# Diff?



## TKDKid (Dec 12, 2005)

I have only limited experience in Judo and Ju-Jitsu and I'm still not quite sure what the difference is. Can someone enlighten me?


----------



## arnisador (Dec 12, 2005)

Jujutsu is the older version intended for self-defense. Judo is the newer version that has a significant sport component (it's in the Olympics) but can also be used for self-defense.

Often it's said that where a Jujutsu technique goes against the joint (to break it), a Judo technique goes with the joint (for a sport-safe throw).


----------



## Andrew Green (Dec 12, 2005)

Judo is based off jujitsu, but with just about everything that can't be used in a sparring match relatively safely stripped out and a emphasis on throws.

It was developed as a way to let jujitsu students to train "live" and compete against each other.

So in jujitsu you'll se more small joint manipulation, a lot of attacks that are illegal in Judo, pain compliance stuff, etc.

In Judo you'll spar a lot more, and that will be the focus.


----------



## arnisador (Dec 12, 2005)

Andrew Green said:
			
		

> It was developed as a way to let jujitsu students to train "live" and compete against each other.



I think the most important factor was that Jigaro Kano believed that turning it into a sport would preserve it at a time when interest in it had waned.

Yes, much more sparring in Judo!


----------



## Henderson (Dec 12, 2005)

arnisador said:
			
		

> I think the most important factor was that Jigaro Kano believed that turning it into a sport would preserve it at a time when interest in it had waned.


 
Absolutely! Interest was definitely fading. Prof Kano needed something that he could bring into the school phys ed system AND keep the arts alive, hence...Judo.

However, I do not believe he intended it to be "sport" as it is viewed today. I think Prof Kano would be rolling over in his grave if he could see the performaces being called Judo in the Olympics recently. Pitiful!

Respects,
Frank


----------



## arnisador (Dec 13, 2005)

Yes, in more than one sense...he didn't intend it to be a sport only, and he intended it to be practiced in a dignified way.
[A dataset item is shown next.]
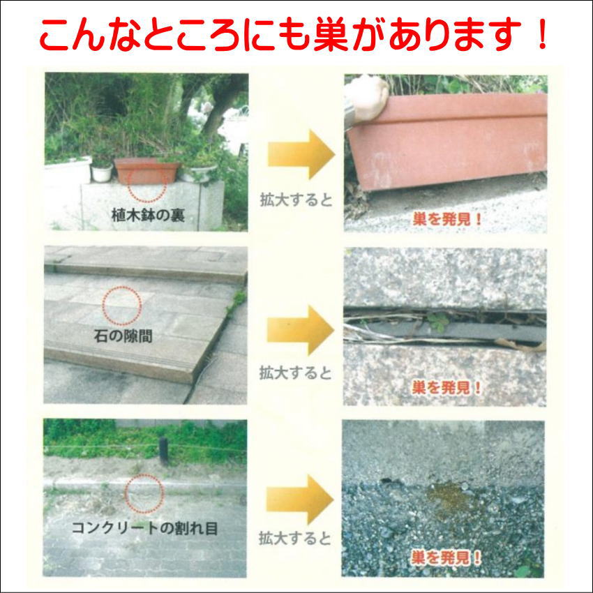 クロアリが発生している所に直接散布するか、植木鉢、枯葉、石垣の間、木の割目などクロアリの営巣、生息発生しやすい所に散布して下さい。家屋への侵入を防止するには、進入の経路となる床下、基礎の周囲、外壁などに散布して下さい。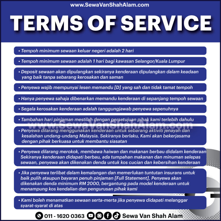 SEWA VAN SHAH ALAM | KLANG Kami Menyediakan Perkhidmatan Sewa Van Hiace Full Window & Full Panel 011-1620 0363 VAN Kami menyediakan perkhidmatan sewa Van Full Panel dan Van 12 Seater Full Window untuk perjalanan jauh Sewa Urusan boleh dibuat melalui WhatsApp. Van tersedia untuk anda SEWA VAN SHAH ALAM Toyota Hiace Van 2.5 Turbo Diesel Manual | Self Driving 12 Seater 1 Day RM 400 / HARI More than 3 Days RM 370 / HARI More than 7 Days RM 330 / HARI Panel Van 1 Day RM 370 / HARI More than 5 Days RM 330 / HARI More than 10 Days RM 300 / HARI * Tiada Sewaan Separuh Hari dan Jam BOOKING RM 300 YA, SAYA BERMINAT Kami Sedia Membantu Anda Jom Klik Sewa Van Shah Alam Facebook Tiktok Instagram Youtube PELANGGAN KAMI LOKASI SEWA VAN SHAH ALAM Tel: 011-1620 0363Email: SewaVanShahAlam@gmail.comIsnin - Sabtu 8.30 a.m - 6.00 p.mOffice: 76 Jalan Setia Utama AS U13/AS Setia Alam Seksyen U13, Setia Alam, 40170 Shah Alam, Selangor ( SA0601280-D2 )

Still, I think the evolution of Judo has been quite natural, so while I agree that he might not like it as it is today, to me it seems appropriate. It's evolved into a world-wide sport.


----------



## jujutsu_indonesia (Dec 14, 2005)

TKDKid said:
			
		

> I have only limited experience in Judo and Ju-Jitsu and I'm still not quite sure what the difference is. Can someone enlighten me?


 
Rather funny, but my teacher's teacher, some of whom are Japanese, does not really makes a difference between Judo and Aikido and Jujutsu. To them, all of those are Japanese Budo where you learn Ukemi. 

Ok, seriously, Mr. Yasui who taught one of my teachers once commented to my teacher that "Judo is for competing, Jujutsu is self-protection".

I think that's clear enough, rite?


----------